- _Extracted material_

◆ ◆ ◆

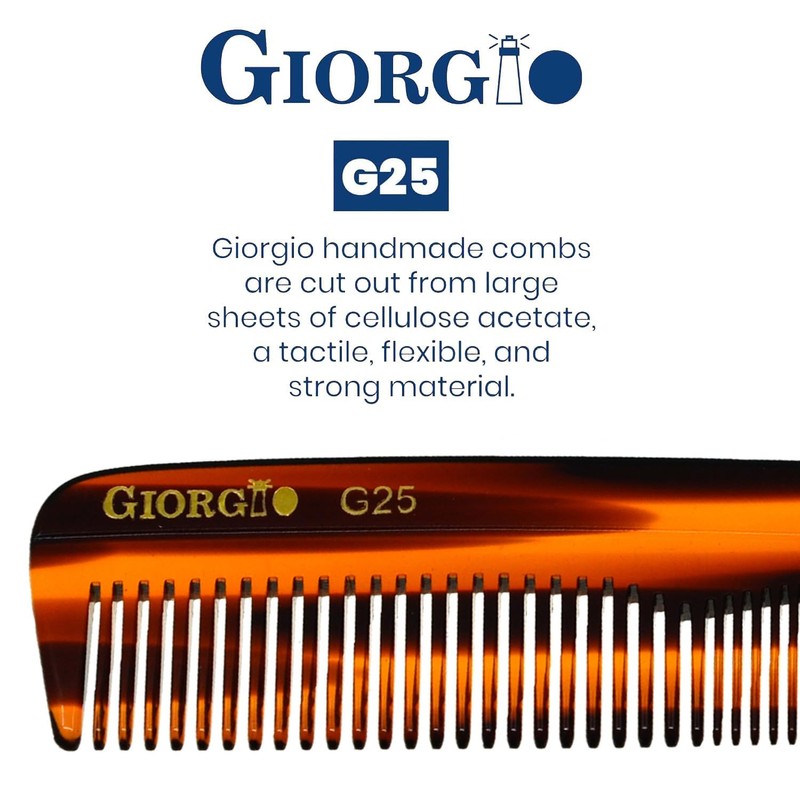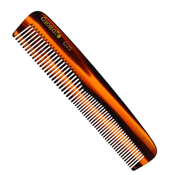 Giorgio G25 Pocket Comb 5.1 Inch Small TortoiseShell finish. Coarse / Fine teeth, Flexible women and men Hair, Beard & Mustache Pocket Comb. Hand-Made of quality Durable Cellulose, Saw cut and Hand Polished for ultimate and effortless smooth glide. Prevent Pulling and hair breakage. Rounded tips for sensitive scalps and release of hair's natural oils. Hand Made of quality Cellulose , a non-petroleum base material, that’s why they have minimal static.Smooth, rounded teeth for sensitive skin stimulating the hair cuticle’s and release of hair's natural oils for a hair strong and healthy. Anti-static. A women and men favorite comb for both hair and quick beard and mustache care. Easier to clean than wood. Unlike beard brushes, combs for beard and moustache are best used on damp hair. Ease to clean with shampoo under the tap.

◆ ◆ ◆

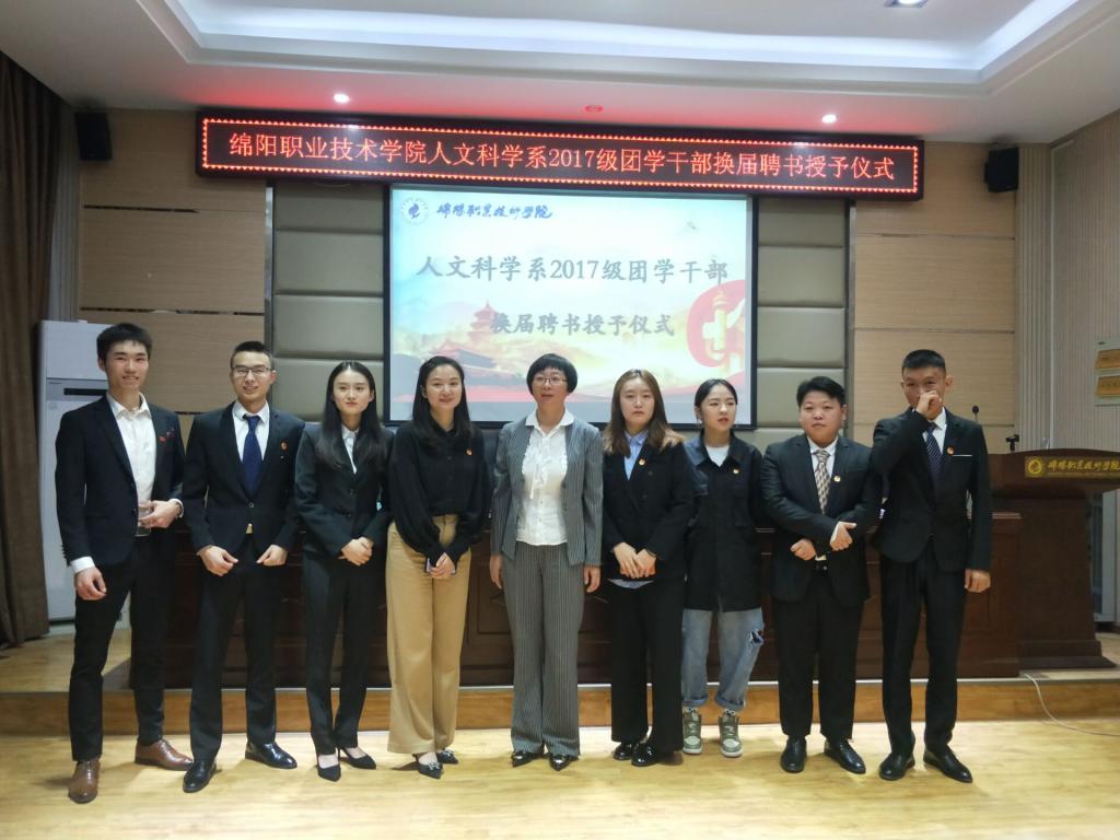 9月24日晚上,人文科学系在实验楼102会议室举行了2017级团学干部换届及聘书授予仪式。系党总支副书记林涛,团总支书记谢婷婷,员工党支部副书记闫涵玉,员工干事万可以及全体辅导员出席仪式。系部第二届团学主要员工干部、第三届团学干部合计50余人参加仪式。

◆ ◆ ◆

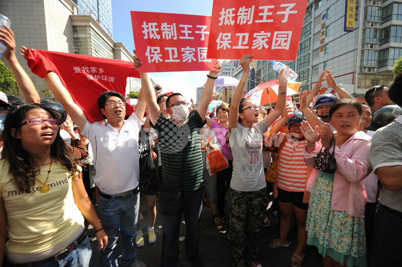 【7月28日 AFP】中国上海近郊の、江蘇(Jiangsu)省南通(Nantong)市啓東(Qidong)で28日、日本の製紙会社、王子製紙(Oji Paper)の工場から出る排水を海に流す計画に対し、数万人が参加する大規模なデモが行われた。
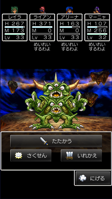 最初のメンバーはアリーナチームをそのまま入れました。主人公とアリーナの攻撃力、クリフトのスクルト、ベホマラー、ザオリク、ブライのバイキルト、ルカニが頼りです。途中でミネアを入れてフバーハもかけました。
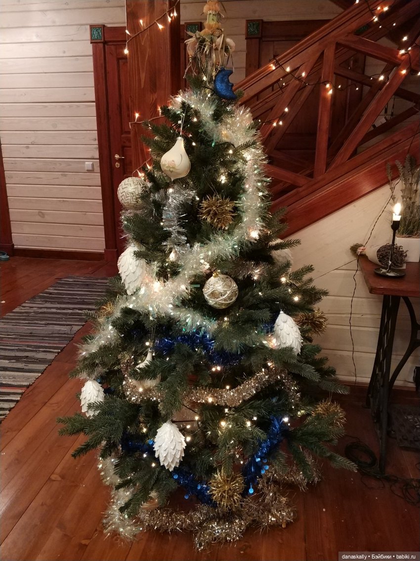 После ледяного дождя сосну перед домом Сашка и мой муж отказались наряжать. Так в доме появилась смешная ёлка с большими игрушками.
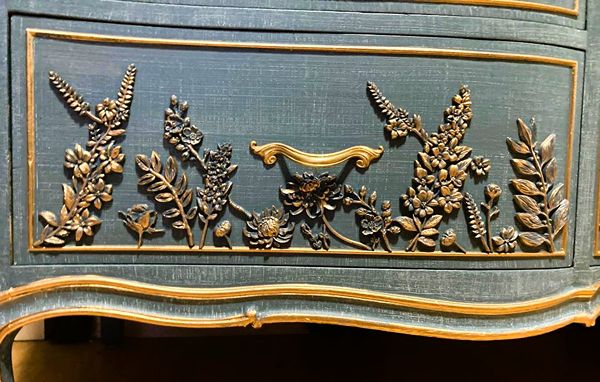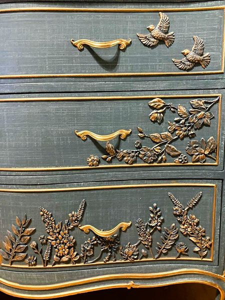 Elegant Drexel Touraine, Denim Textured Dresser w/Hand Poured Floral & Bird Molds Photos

◆ ◆ ◆

- _What you will do_
Above, find the line holding "После ледяного дождя" and the line holding "Elegant Drexel Touraine, Denim". Print exactly those two lines and every line between them, but no pictures.

- _Expected answer_
 После ледяного дождя сосну перед домом Сашка и мой муж отказались наряжать. Так в доме появилась смешная ёлка с большими игрушками.
 Elegant Drexel Touraine, Denim Textured Dresser w/Hand Poured Floral & Bird Molds Photos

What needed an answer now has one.